In the past, camping in Anchorage has been mostly in city parks and green spaces, said Johnson, the homeless coordinator. The city has used a legal process to clear tents under certain circumstances. When most people living in a tent are in vehicles – drivable or not – the rules are much more unclear, she said.

People living in vehicles on city streets enjoy different protections than people living in a tent in a park, Johnson said. Unoccupied and abandoned vehicles can be towed, but in most cases, vehicles in which someone lives cannot. That’s not the case under the current legal framework established by a 9th Circuit decision.

The city is “not protected by laws” to force people to move, Johnson said. And where should they move?

“It’s terribly defined in the code,” Johnson said. “It’s very vague.”

Anchorage police can prosecute right-of-way and Americans with Disabilities Act violations, including anything that impedes the use of a sidewalk or public right-of-way on the street, Johnson said.

So far, this does not appear to have happened at the Fairbanks Street warehouse.

An Anchorage Police Department public information officer did not respond to questions about why police did not enforce right-of-way or Americans with Disabilities Act laws on Fairbanks Street.

‘NOTHING HAS CHANGED’

Carol Fraser works for an ownership group that owns several Aspen hotels in Alaska and bought a vacant lot just east of Fairbanks Street two years ago for future development. After the Cuddy Park site was cleared of encampments in May, about 10 vehicles almost immediately drove the few blocks to Fairbanks Street, she said. Now that number has grown to about 75, she said.

“I want the city to enforce the law,” Fraser wrote. “There was a murder on the street a few days ago – and yet NOTHING HAS CHANGED.”

Fraser said she visited the location almost daily, was yelled at and threatened with a power drill, and witnessed drug deals and public defecation. There was theft at nearby stores, she said. The Home Depot store hired private security, an Atlanta-based company spokesman wrote in an email.
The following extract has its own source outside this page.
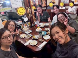 お盆休み前のお疲れ様会でみんなで焼鳥へ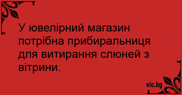 У ювелірний магазин потрібна прибиральниця для витирання слюней з вітрини.

“The safety of our employees and customers is our top priority and we are investing additional resources to ensure they can work and shop safely in our stores,” the company said in a statement. “We also hope to work with the city and law enforcement to address these issues.”

What’s happening on Fairbanks Street is a growing public health problem, said Ana Fisk, president of Afognak Commercial Group, a subsidiary of Afognak Native Corp., which owns a nearby Brown Jug liquor store and an adjacent vacant lot. The site has accumulated trash and garbage, including used colostomy bags and hypodermic needles, she said. More people are moving in, exacerbating health and safety issues, she said.

“We have private security on site several times a day to ensure that the camps are located exclusively on public property,” Fisk wrote in an email. Recently, a private security guard working for Afognak saved a person’s life by performing CPR, she said.

“I was grateful for his quick action and presence,” she wrote.